## [Entries taken from a collection]
· · · · · · ·

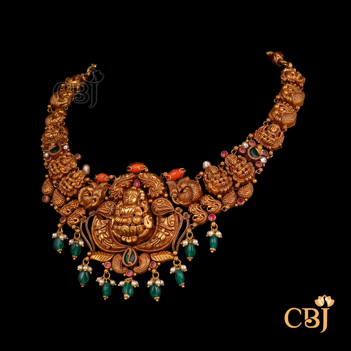 Lightweight 10 Grams Nakshi Gold Necklace with Classic Finish
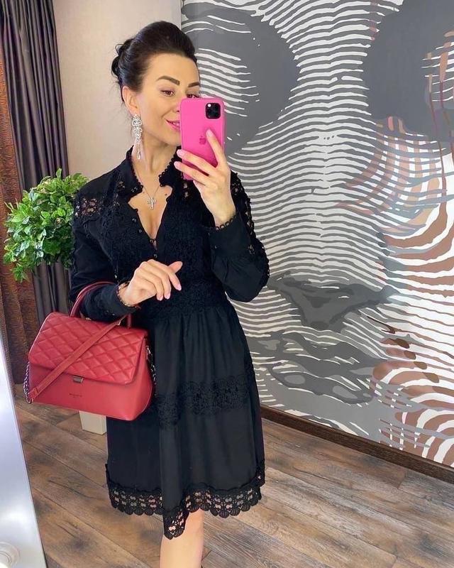 🧡ТОВАР КЛАССА ЛЮКС 🌸🌸🌸 настоящий шедевр высокой моды, невероятно красивое платье с безупречной посадкой прекрасно сидящее на фигуре приталенный силуэт демонстрирует тонкую талию , грацию и красоту вашей фигуры платье изготовлено из коттона высокого качества элегантного чёрного цвета,декорированное ошеломительно красивым кружевом , спереди платье застегивается на маленькие пуговички, которые эффектно и утонченно открывают зону декольте РАЗМЕРЫ М-42/44 Л-44/46 КОД 0361 🍃 ЦЕНА 8⃣5⃣0⃣ ГРН
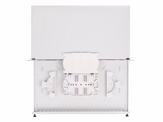 The 1U high pull-out fiber optic switch with mounting accessories is a product designed for installation inside 19" wide data communication cabinets. It was made entirely of durable powder-coated steel sheet.
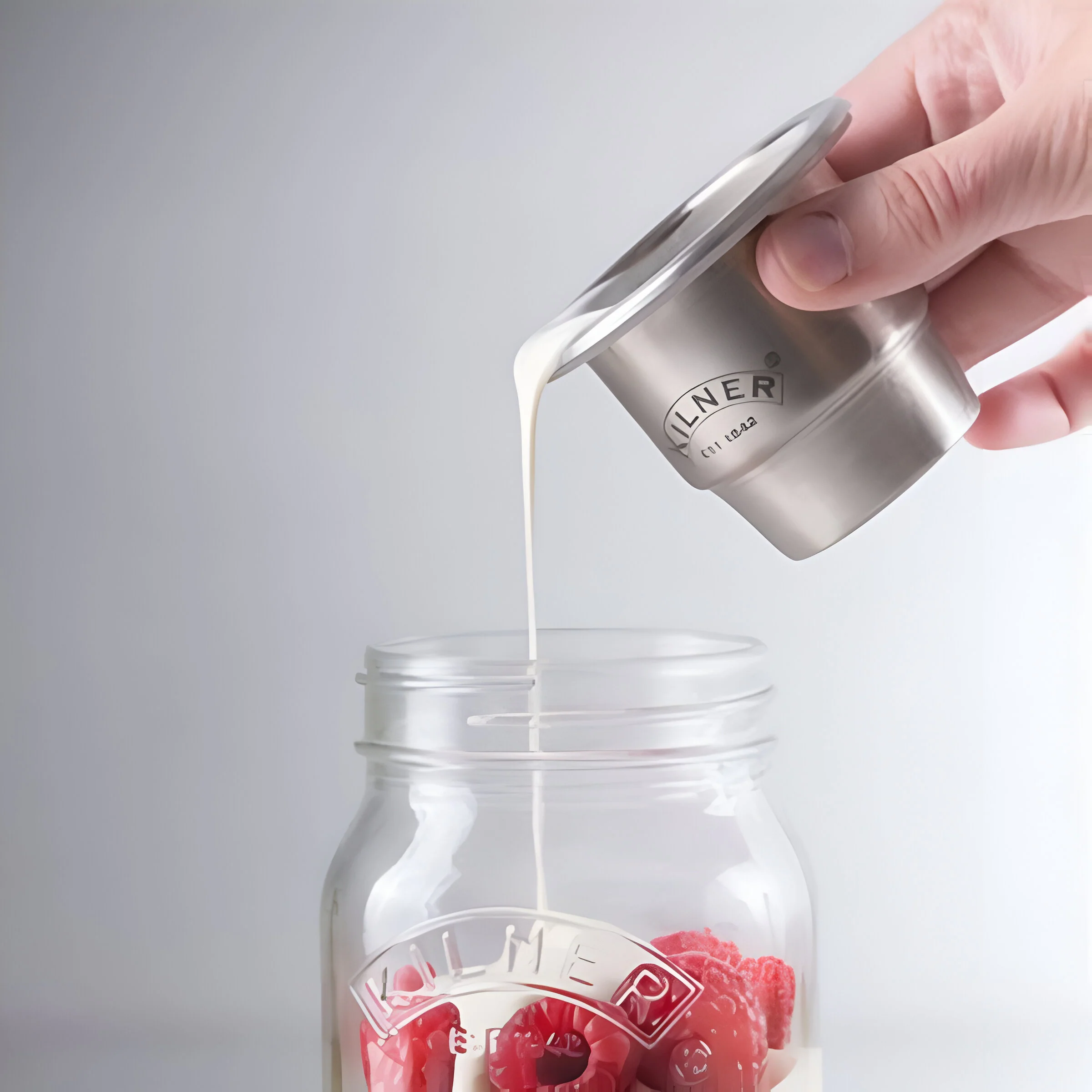 - Tarro de cristal y recipiente de inox aptos para el lavavajillas.
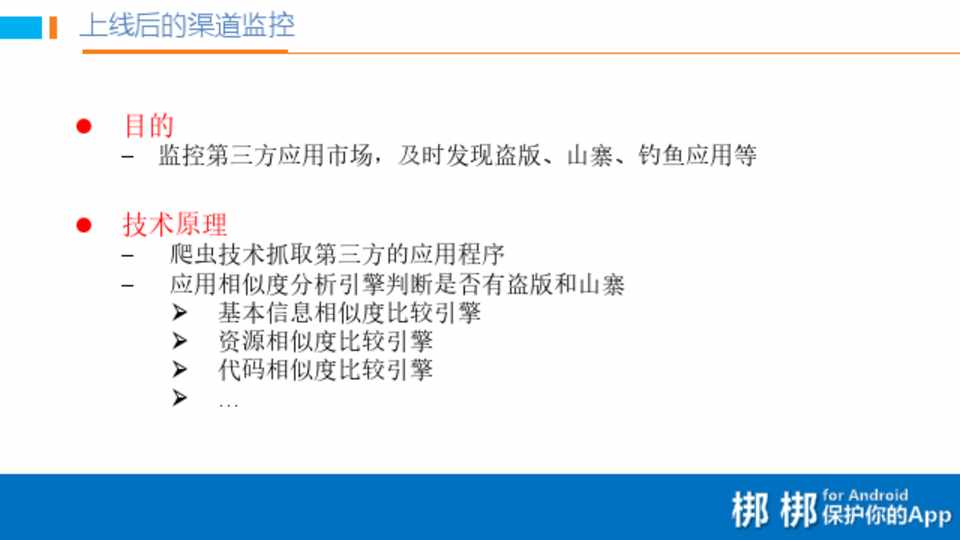 防止反编译,逆向分析,动态注入攻击等等 • 上线后的渠道监测
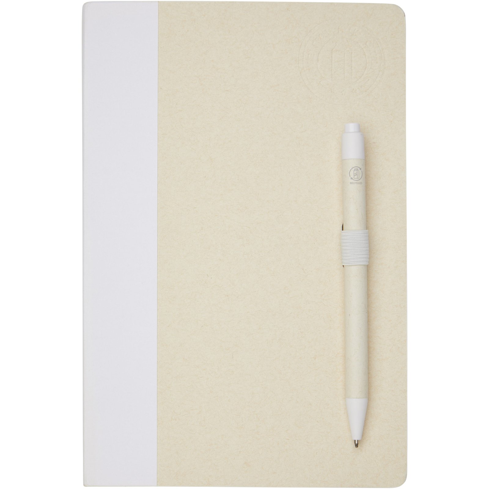 A5 size reference notebook and ballpoint pen set. The notebook features 80 lined sheets (80 g/m²) made from recycled milk cartons (up to 70%), a coloured paper spinal, and a pen loop. In the pen loop, there is a click-action ballpoint pen in matching colour of the notebook. The pen has a barrel made of the same recycled milk carton material and the button, clip, and tip is made of coloured PLA plastic. The pen features a black refill inside. Used milk cartons are collected, sorted, processed, and turned into paper, truly turning waste into something useful.
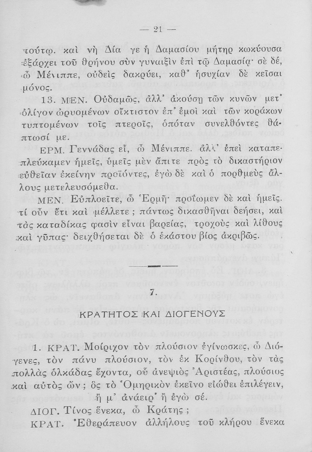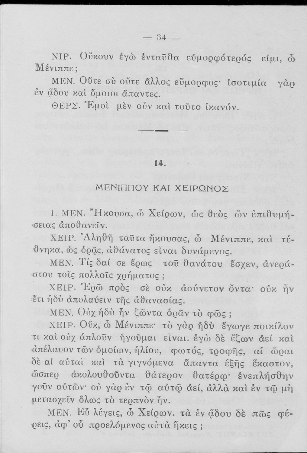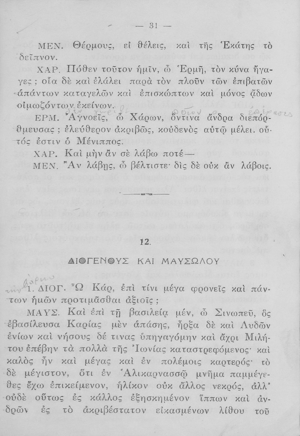 Σχολικό εγχειρίδιο Αρχαίων Ελληνικών Α΄ Γυμνασίου που περιλαμβάνει εισαγωγή στη ζωή και το έργο του Λουκιανού, αποσπάσματα από του Νεκρικούς διαλόγους και ερμηνευτικές σημειώσεις.
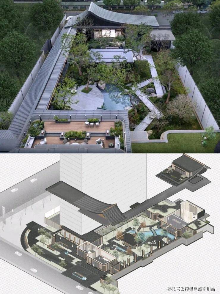 朗云运用人文哲学和自然材料来营造栖居住所,从而在自然的秩序中建立了一套新逻辑、新空间。以往的示范区与住区是独立而割裂的,朗云在苏州打破了这样的规则,将两栋住区建筑安置在示范区的一侧,形成新的对望状态。
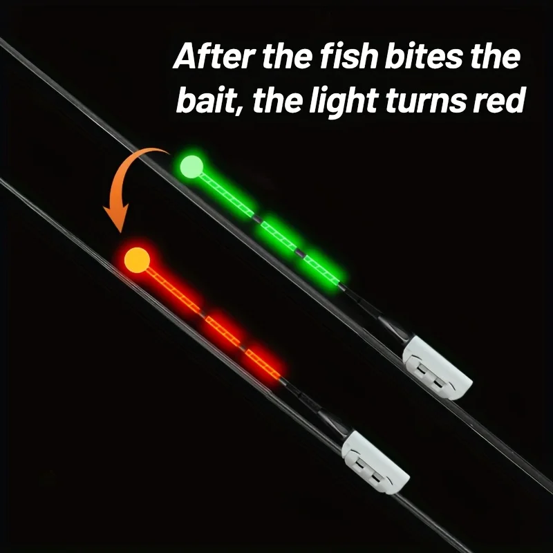 The glow stick changes color from green to red when a bite occurs, providing a visual signal for anglers.
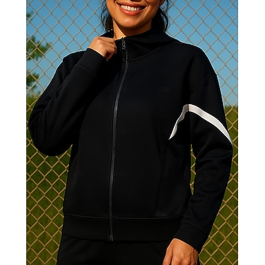 Per donna Blocco di colori Giubbotto bomber Giacca in pile con cerniera Autunno Manica Lunga Athleisure Antivento Caldo Spesso Corsa All'aperto Viaggio Vacanze Nero Bianco Beige abbigliamento sportivo
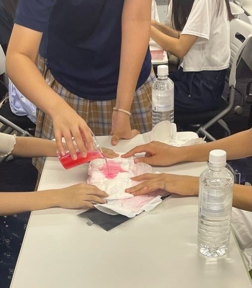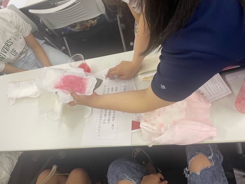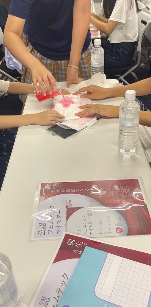 当日は各登壇者の講演をはじめ、品川女子学院 有志団体CLAIR.によるグループワークが最も盛り上がりました。参加者(小学校低学年から中学生、高校生と幅広い年齢の女子が中心)が各6人ずつのグループに分かれて、品川女子学院 有志団体CLAIR.のメンバーが各グループに1名つき、個別にレクチャーの形でグループワークを実施。紙ナプキン、布ナプキンはじめとする生理用品の種類や使い方について、経血に見立てた色付きの水を使いながら、アイテムごとの経血の吸収量の違いや使い方についてその場で見て触れて学ぶ時間となりました。

· · · · · · ·

Output only the lines running from the one containing "防止反编译,逆向分析,动态注入攻击等等 • 上线后的渠道监测" to the end of the records, inclusive and exact; skip the pictures.

 防止反编译,逆向分析,动态注入攻击等等 • 上线后的渠道监测
 A5 size reference notebook and ballpoint pen set. The notebook features 80 lined sheets (80 g/m²) made from recycled milk cartons (up to 70%), a coloured paper spinal, and a pen loop. In the pen loop, there is a click-action ballpoint pen in matching colour of the notebook. The pen has a barrel made of the same recycled milk carton material and the button, clip, and tip is made of coloured PLA plastic. The pen features a black refill inside. Used milk cartons are collected, sorted, processed, and turned into paper, truly turning waste into something useful.
 Σχολικό εγχειρίδιο Αρχαίων Ελληνικών Α΄ Γυμνασίου που περιλαμβάνει εισαγωγή στη ζωή και το έργο του Λουκιανού, αποσπάσματα από του Νεκρικούς διαλόγους και ερμηνευτικές σημειώσεις.
 朗云运用人文哲学和自然材料来营造栖居住所,从而在自然的秩序中建立了一套新逻辑、新空间。以往的示范区与住区是独立而割裂的,朗云在苏州打破了这样的规则,将两栋住区建筑安置在示范区的一侧,形成新的对望状态。
 The glow stick changes color from green to red when a bite occurs, providing a visual signal for anglers.
 Per donna Blocco di colori Giubbotto bomber Giacca in pile con cerniera Autunno Manica Lunga Athleisure Antivento Caldo Spesso Corsa All'aperto Viaggio Vacanze Nero Bianco Beige abbigliamento sportivo
 当日は各登壇者の講演をはじめ、品川女子学院 有志団体CLAIR.によるグループワークが最も盛り上がりました。参加者(小学校低学年から中学生、高校生と幅広い年齢の女子が中心)が各6人ずつのグループに分かれて、品川女子学院 有志団体CLAIR.のメンバーが各グループに1名つき、個別にレクチャーの形でグループワークを実施。紙ナプキン、布ナプキンはじめとする生理用品の種類や使い方について、経血に見立てた色付きの水を使いながら、アイテムごとの経血の吸収量の違いや使い方についてその場で見て触れて学ぶ時間となりました。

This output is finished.